As of September, roasted coffee sold in stores cost about 41% more than it did 12 months prior, rising from an average of $6.47 to $9.14 per pound, according to the most recent Bureau of Labor Statistics data.
While prices can swing by roughly a dollar within a year during volatile periods, the nearly $3 increase in the most recent BLS data is unusually steep — and consumers are taking notice.
“This is ridiculous,” 52-year-old Chuck Smith said in a TikTok video in August in which he showed receipts for the 38.2-ounce tub of Maxwell House ground coffee he buys at his local Walmart in Indiana, which had nearly doubled in price to $21.44 in under a year.
Smith says he filmed the clip spontaneously in the grocery aisle after noticing the price hike. “It was just me in the moment,” he told CNBC Make It, adding that the reaction “captured what a lot of folks are feeling.” Walmart and Kraft Heinz, the maker of Maxwell House, did not respond to requests for comment.
Other brands, including Nespresso and Folgers, have also increased prices in the last year.
Restaurant coffee prices have risen, too: The average cost of a regular cup increased from $3.46 to $3.57 in the year ending October 2025, according to restaurant and café price data tracked by menu software company Toast.
What’s behind the biggest coffee price spike in decades
The run-up in average retail coffee prices has been the steepest and most sustained since BLS began tracking those prices in 1980, the data shows.
Weather issues came first. Drought and heavy rain disrupted harvests in Brazil and Vietnam in 2024, tightening supply well before tariffs took effect.
Coffee futures prices then climbed from roughly $2 a pound in May 2024 to a peak of $4 by April 2025, one of the steepest increases the market has seen in decades, according to Intercontinental Exchange data. Because futures serve as the benchmark for what importers and roasters pay for beans, sharp increases often lead to higher costs, which may eventually show up in retail prices.
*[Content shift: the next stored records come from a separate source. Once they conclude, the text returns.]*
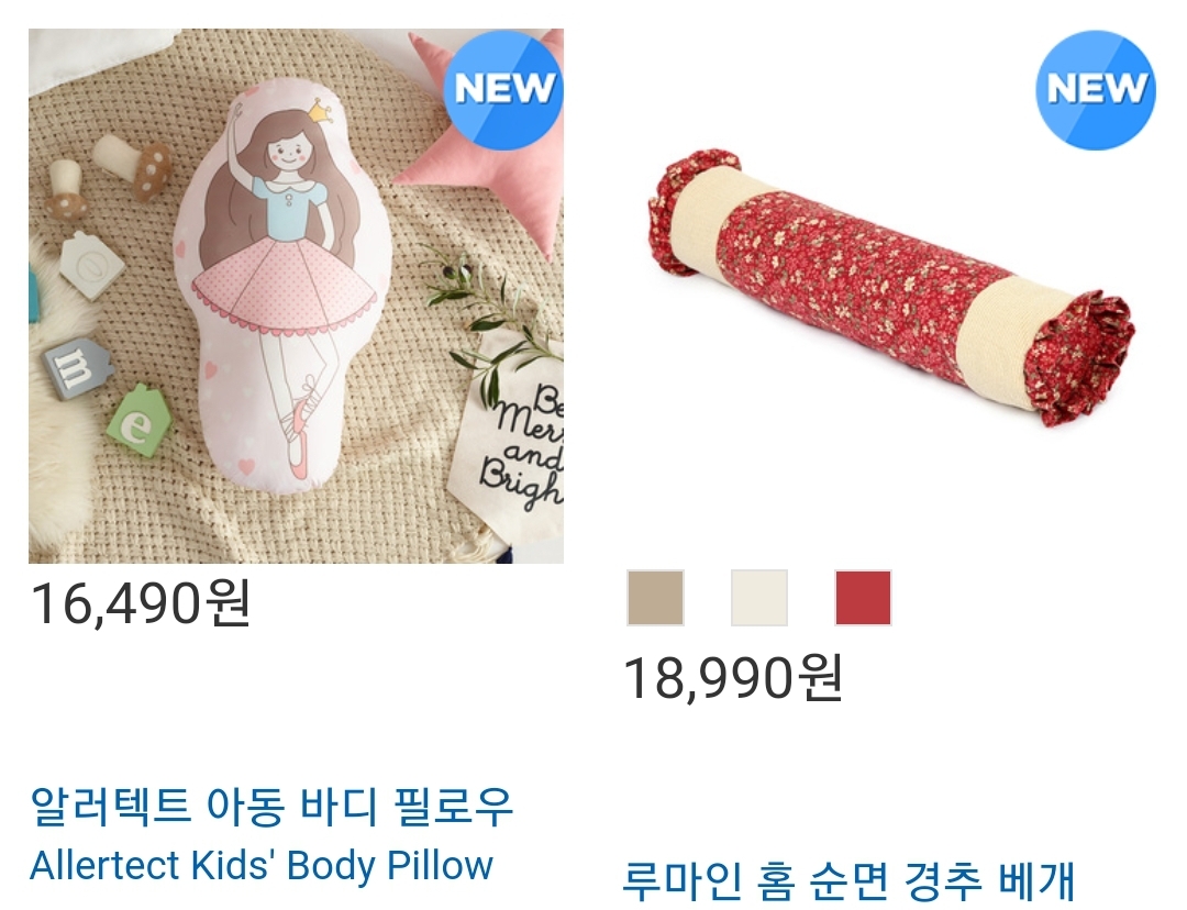 아동용 바디 필로우와 경추 베게도 추가되었네요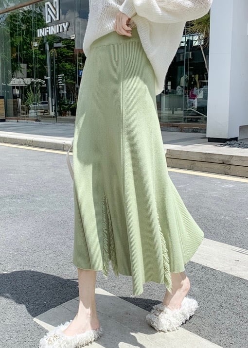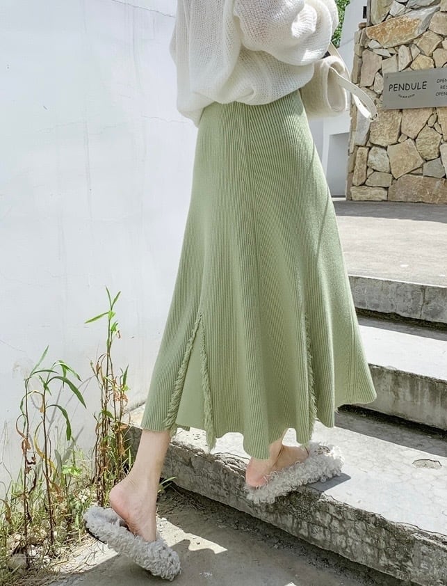 スカート ニットスカート ロングスカート Aラインスカート ニット ロング丈 ボトムス レディース タッセル 伸縮性 無地 ゆるふわ ハイウエスト きれいめ 上品 清楚 大人女子 大人かっこいい 秋 冬 ホワイト 白 グリーン 緑 ブラック 黒 S M L XL 大人 お洒落 可愛い 10代 20代 30代 お出かけ デート 女子会 普段使い 日常使い 普段着 コーデ コーディネート 韓国 ファッション オルチャン お取り寄せ 送料無料 hll-0369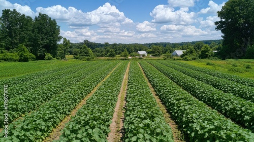 farmland, agriculture, crop, field, rural, summer, sky, cloud, green, plant, row, planting, cultivation, farming, countryside, landscape, aerial, view, barn, building, tree, foliage, vegetation, nature, outdoors, day, sun, bright, agricultural, harvest, growing, dirtied, ground, land, farm, rural scene, country, scene, image, photo, picture, photo, natural, environment, ecosystem, healthy, palmy, abundant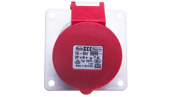 Gniazdo tablicowe skośne 16A 5P 400V /75x85/ czerwone IP44 415-6F87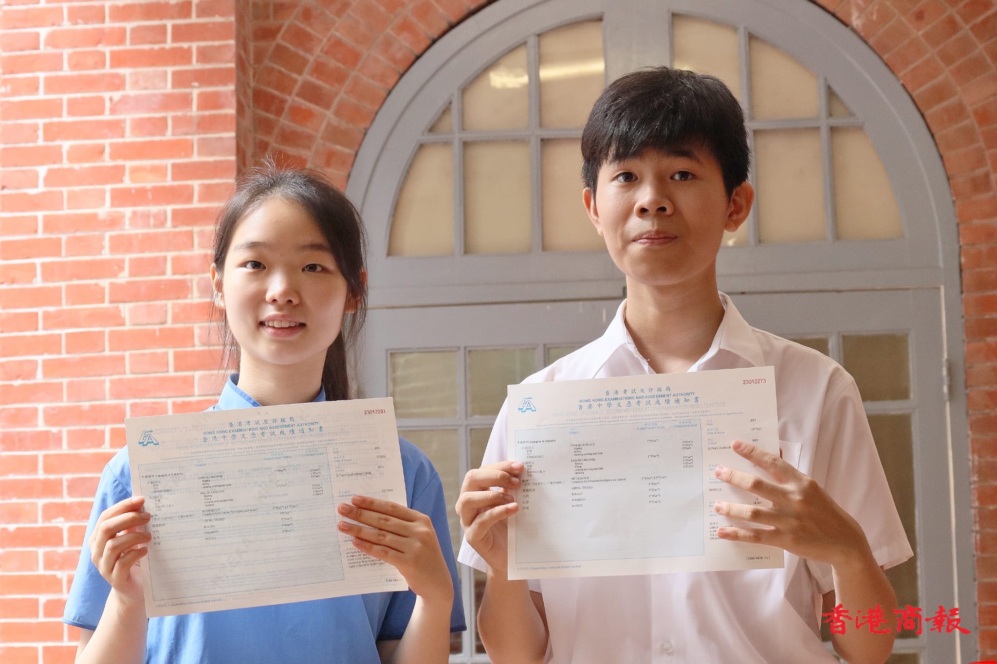 聖保羅男女中學1男1女狀元藍仲宏及古冰心考獲7科「5**」,成為狀元,兩人的數學延伸部分亦考到「5**」,屬於「超級狀元」。(記者 馮瀚文攝)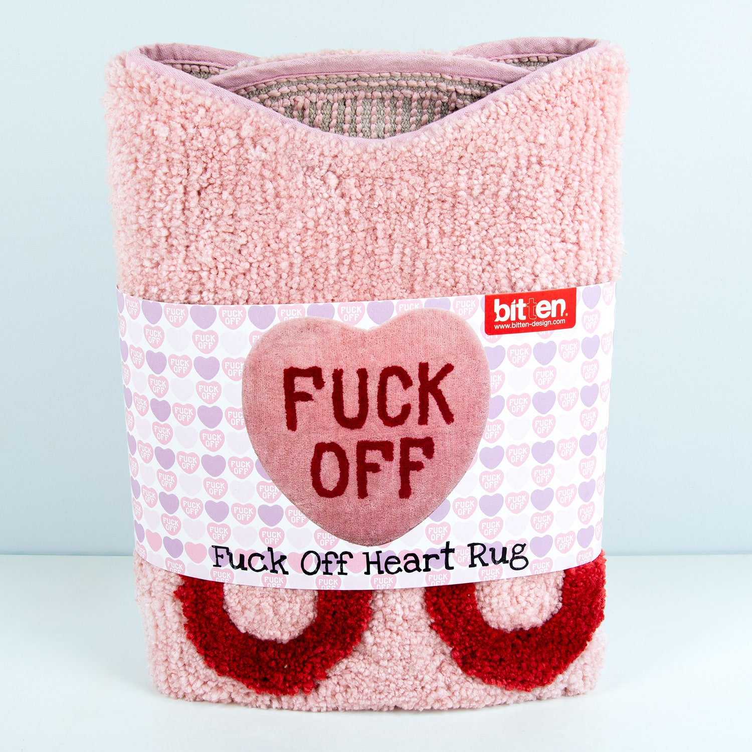 Wil jij je bezoek een welkom gevoel geven, maar niet teveel? Of wil je gewoon lekker met rust gelaten worden als je ligt te slapen? Maak het duidelijk met het Fuck Off hart vloerkleedje van Bitten. Dit grappige vloerkleedje ziet eruit als een snoeperig roze hartje en voelt heerlijk zacht aan je voeten. Hetgene dat het kleedje lekker edgy maakt, is de tekst die erop staat: Fuck Off. Grappig voor in de gang, naast je bed of bij je favoriete luie stoel.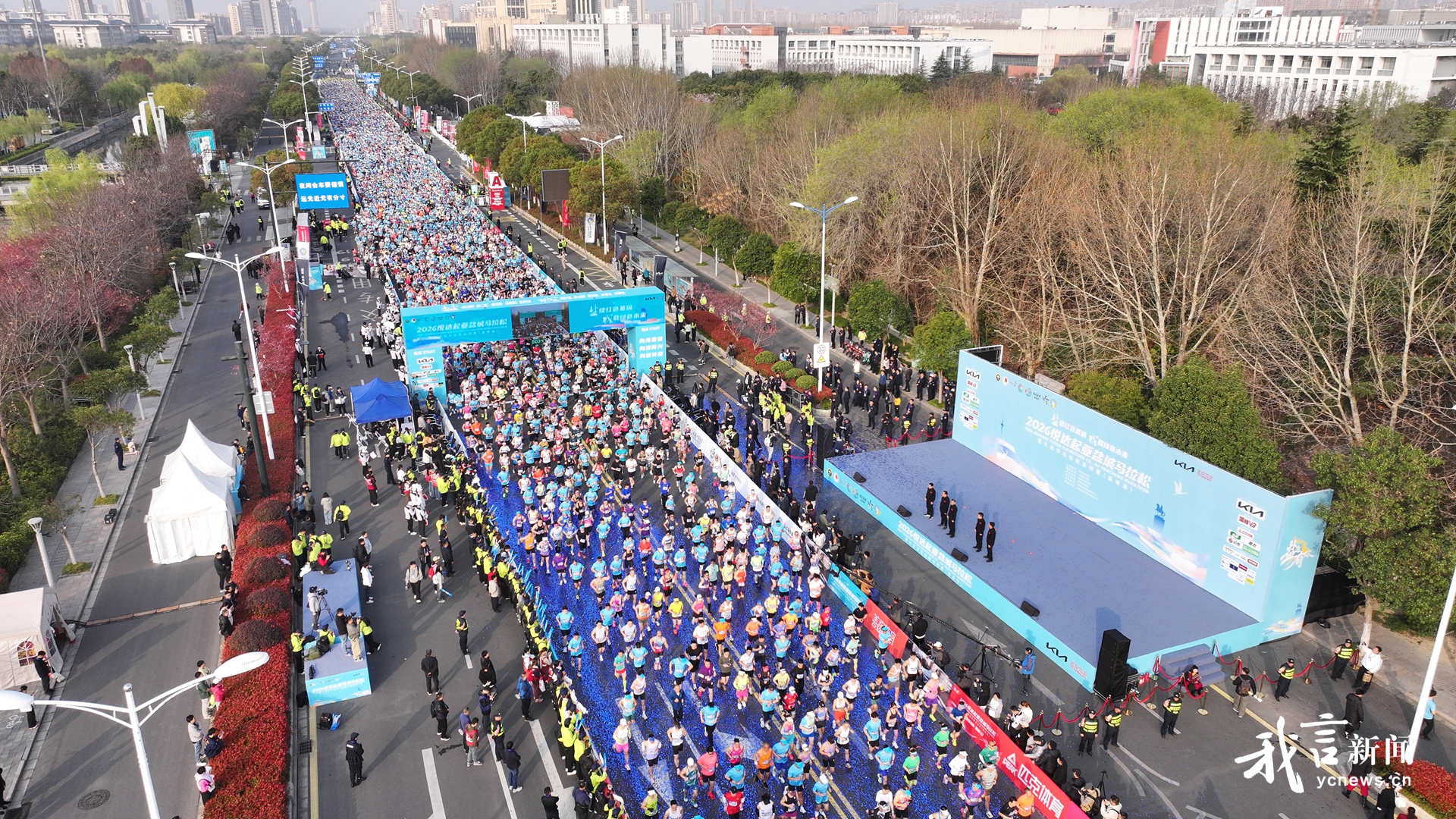 3月29日上午7时30分,2026悦达起亚盐城马拉松暨大运河马拉松系列赛(盐城站)在盐城奥体中心鸣枪开跑。来自海内外的1.5万名选手齐聚盐城,畅跑生态赛道、乐享奔跑激情。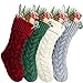 4 value rustic knitted Christmas stockings included 1 burgundy, 1 gray,1 ivory,1 green knitted Christmas stockings.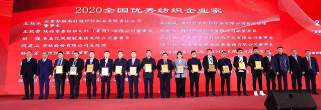 在本次大會上,由公司黨委書記、董事長王力民主創(chuàng)完成的“精益生產(chǎn)創(chuàng)客小組 助力高質(zhì)量發(fā)展”管理創(chuàng)新成果,被中國紡織工業(yè)聯(lián)合會授予“管理創(chuàng)新主創(chuàng)者”一等獎;公司同時獲得“2020年度產(chǎn)品開發(fā)貢獻(xiàn)獎”“十大創(chuàng)新成果獎”等榮譽。公司總經(jīng)理閆英山被授予“2020年全國優(yōu)秀紡織企業(yè)家”榮譽稱號,并代表公司參加了“中國紡織服裝產(chǎn)品全生命周期評價小組”的啟動儀式。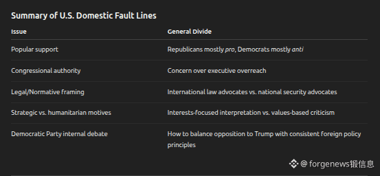 Critics (across some Democratic, independent, and academic voices) see the action as potentially undermining U.S. credibility and global law-based order.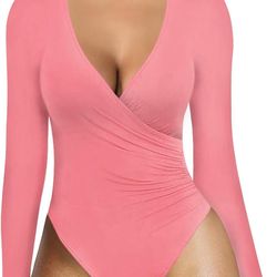 MangoPop pink long sleeve v-neck wrap bodysuit. Size Large$14San Diego, CA
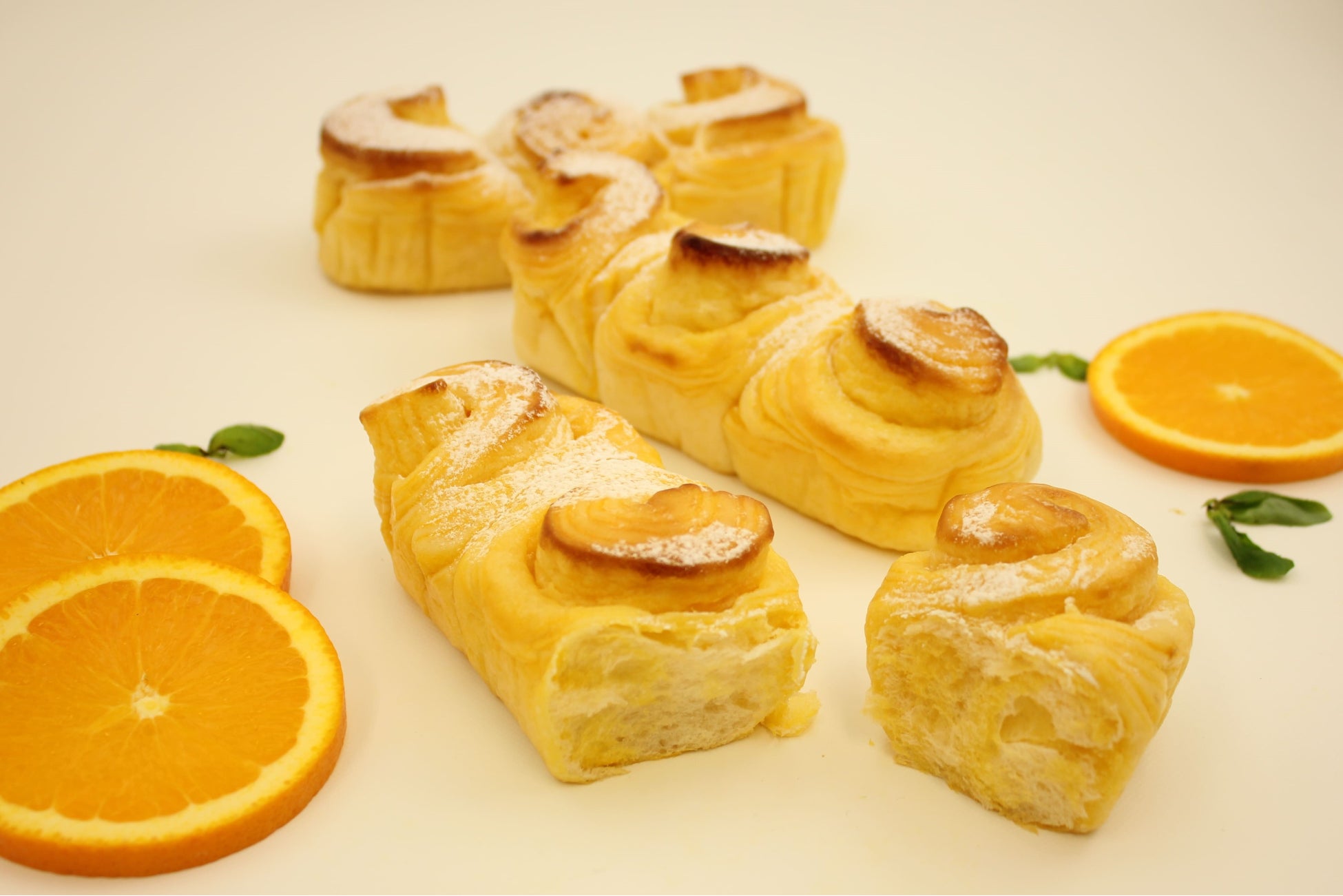 温州みかん果汁入りのクリームを折り込んだ生地にカスタードクリームを巻き込み、食べやすいちぎりパン風に焼き上げました。一口ごとに甘酸っぱい香りが広がります。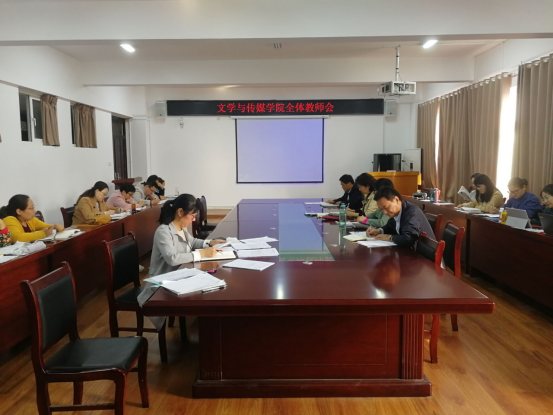 10月21日下午2:40,文学与传媒学院在教A303召开全体教师教学工作会议,党总支书记李月云、副书记王绍卫、副院长张德岁及全体教师参会。会议由院长蒋宗霞主持。

Tariffs are another factor. In April, the U.S. imposed new tariffs on coffee imports — 10% on key coffee-growing Latin American countries and about 20% for Asian growers, with Brazil hit hardest at 50%. Since then, grocery-store coffee prices have risen about 21%, according to consumer price index data.
In mid-November, the White House rolled back most of the new coffee tariffs, eliminating duties for nearly all producing countries except Brazil, which retained a 40% tariff. Last week, the administration removed the remaining 40% duty on Brazilian coffee as well, effectively ending tariffs on coffee imports from almost all major exporters.
Because retail prices typically lag wholesale costs, it may take time before any easing shows up on store shelves. Still, removing tariffs should eventually help take some pressure off prices, according to the National Coffee Association, an industry trade group.
“Significant coffee price inflation has occurred during the time tariffs have been in place,” a spokesperson for NCA tells CNBC Make It. “Removing tariffs on the world’s leading coffee producing countries is expected to significantly decrease costs.”